Address components (street, city, state, zip) are merged into a single composite encoding:

shipping_street + shipping_city + shipping_state + shipping_zip
              [single address embedding vector]

Benefits:

  • Captures the address as one semantic concept
  • Reduces sequence length for the transformer
  • Handles missing components gracefully

URLs and Domains: Structural Decomposition

A URL like https://api.example.com/v2/users?limit=100 is parsed into:

Component Value What It Captures
Protocol https Security level
Subdomain api Service type
Domain example.com Organization
TLD .com Domain type
Path /v2/users Endpoint structure
Path depth 2 API complexity
Query params limit=100 Request parameters

Additionally, Featrix can resolve domains to IP addresses and geolocate them—meaning you can discover relationships between domains and geographic data without explicit enrichment.

Email Addresses: Identity Decomposition

An email like john.smith@acme-corp.com becomes:

Component Value What It Captures
Local part john.smith Personal identifier
Domain acme-corp.com Organization
TLD .com Domain type
Is free email false Gmail/Yahoo vs corporate
Domain category business Personal vs business

Emails from the same domain cluster together—useful for B2B analytics where company relationships matter.
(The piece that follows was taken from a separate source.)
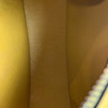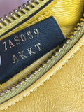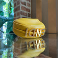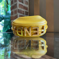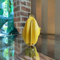 - Vibrant yellow leather with curved, crescent-shaped silhouette

JSON: Nested Structure Flattening

JSON columns are flattened and encoded via child embedding spaces:

{
  "address": {"city": "NYC", "zip": "10001"},
  "preferences": {"notifications": true, "theme": "dark"}
}

Becomes:

address.city: "NYC"      → categorical encoding
address.zip: "10001"     → ZIP code encoding (with geo enrichment)
preferences.notifications: true → boolean encoding
preferences.theme: "dark" → categorical encoding

The flattened columns are then encoded using a child embedding space, preserving the hierarchical structure while making it compatible with the main model.
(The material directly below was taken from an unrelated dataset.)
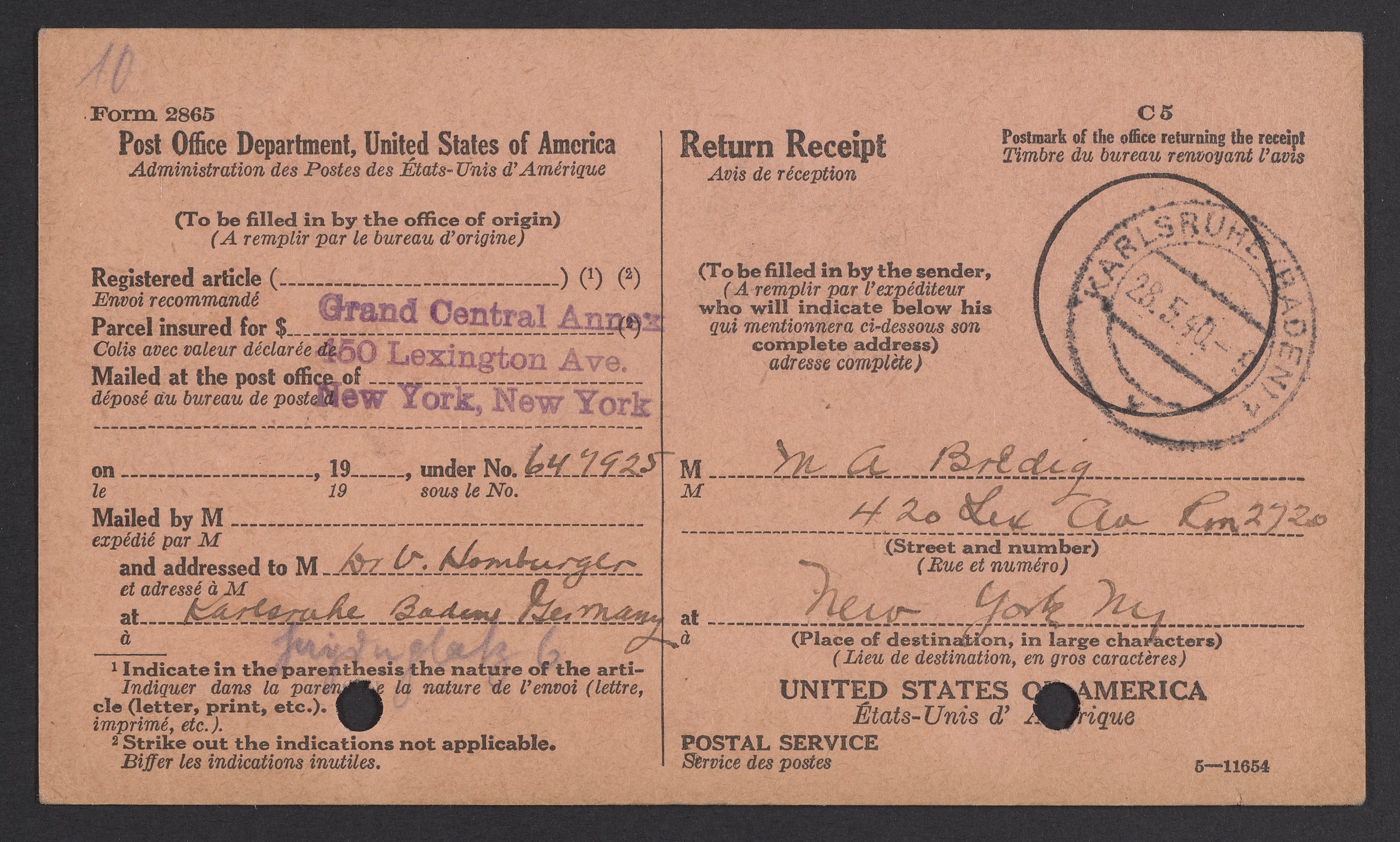 Small JPG1200 x 722px — 205 KBLarge JPG2880 x 1733px — 1.1 MBFull-sized JPG3842 x 2312px — 1.8 MBOriginal fileTIFF — 3842 x 2312px — 25.5 MBReceipt for a package sent from Max Bredig (1902-1977) to his brother-in-law, Viktor Homburger (1888-1968) in Karlsruhe, Germany.

Cross-Column Relationship Examples

Example 1: E-commerce Fraud Detection

Column Type Relationships Discovered
order_amount scalar Ratio with customer average
shipping_zip ZIP Distance from billing ZIP
order_time timestamp Is unusual hour for customer
email_domain email Free email vs corporate
device_fingerprint string Seen before with this customer

Featrix automatically learns: "Large orders to a different ZIP at 3am from a free email domain on a new device" = high fraud risk.
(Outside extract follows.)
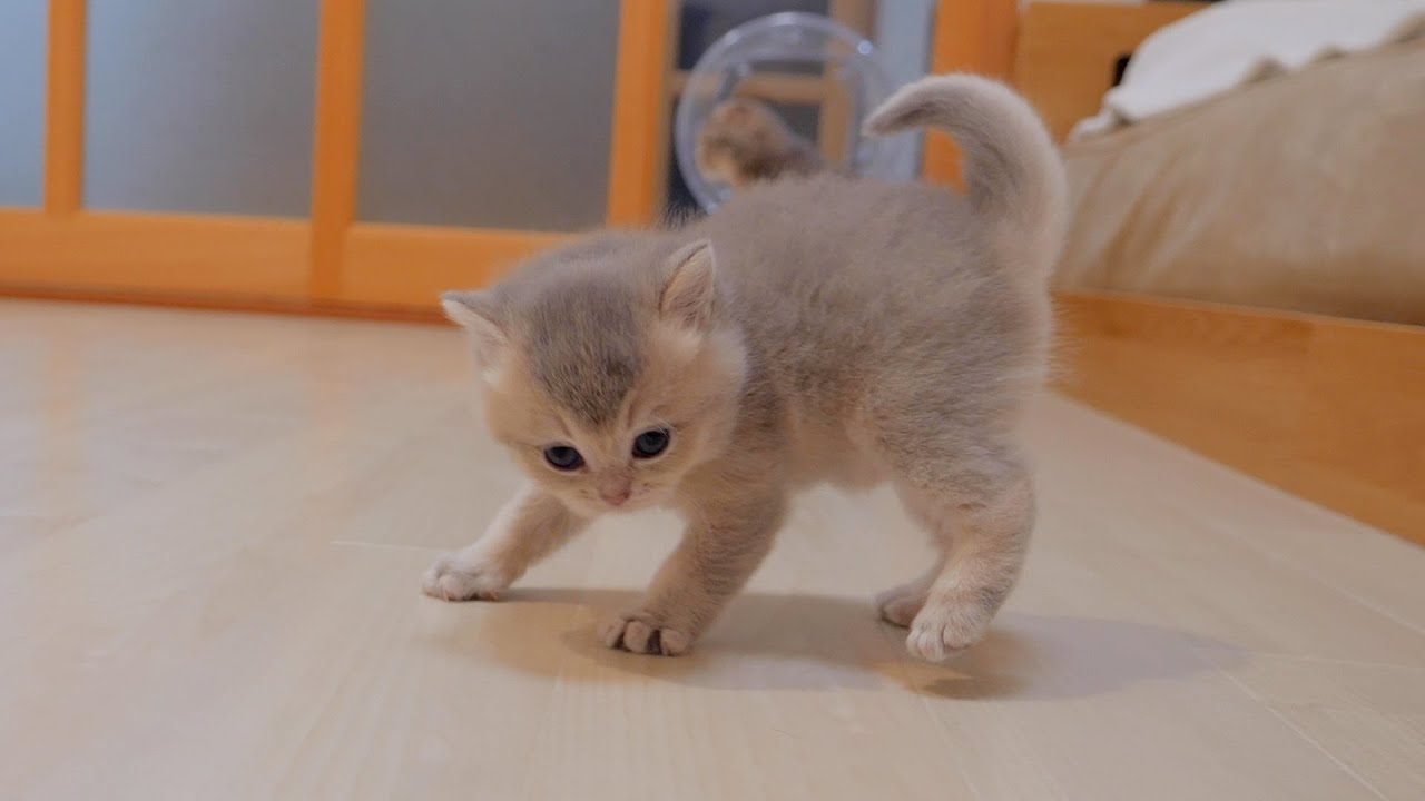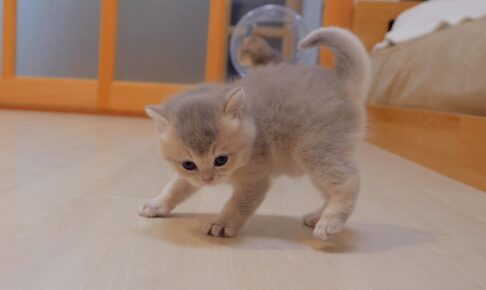 ひと遊びしたら今度は飼い主さんの足にゆっくりとよじ登ってきた子猫。可愛い顔をして、ふらふらしながらも一生懸命に登ってくる姿にキュンキュンします。

Example 2: Real Estate Pricing

Column Type Relationships Discovered
property_lat/long coordinates Distance to city center
listing_date timestamp Seasonal market effects
bedrooms scalar Price per bedroom
neighborhood category Location premium
description text Keywords vs price (e.g., "renovated")

Featrix learns geographic gradients (price drops with distance from downtown) and seasonal patterns (spring listings command premiums) automatically.

Example 3: Healthcare Risk Prediction

Column Type Relationships Discovered
age scalar Age-condition interactions
diagnosis_codes list Comorbidity patterns
visit_date timestamp Time since last visit
provider_zip ZIP Geographic care patterns
notes text Symptom keywords

Featrix discovers: "Elderly patients with diabetes and recent ER visits in rural areas" = different risk profile than similar patients in urban areas.

Exhaustive Combinatorial Coverage

The random masking strategy isn't just for self-supervision—it's a combinatorial exploration mechanism.

Over hundreds of epochs:

  • Every column is masked from every possible combination of other columns
  • The model learns to predict every column from every context
  • Rare but important relationships surface through repetition

By the end of training, the model has explored the full cross-column signal space.

What This Means for You

You don't configure any of this. Featrix:

  1. Detects column types and related column groups
  2. Extracts appropriate features for each type
  3. Computes pairwise relationships where they make sense
  4. Learns which relationships actually matter for your data
  5. Encodes everything into a unified embedding space

The result: your data's deep structure is captured automatically, producing embeddings that understand "Friday afternoon orders to a ZIP code 500 miles away" as a meaningful pattern—not just three independent values.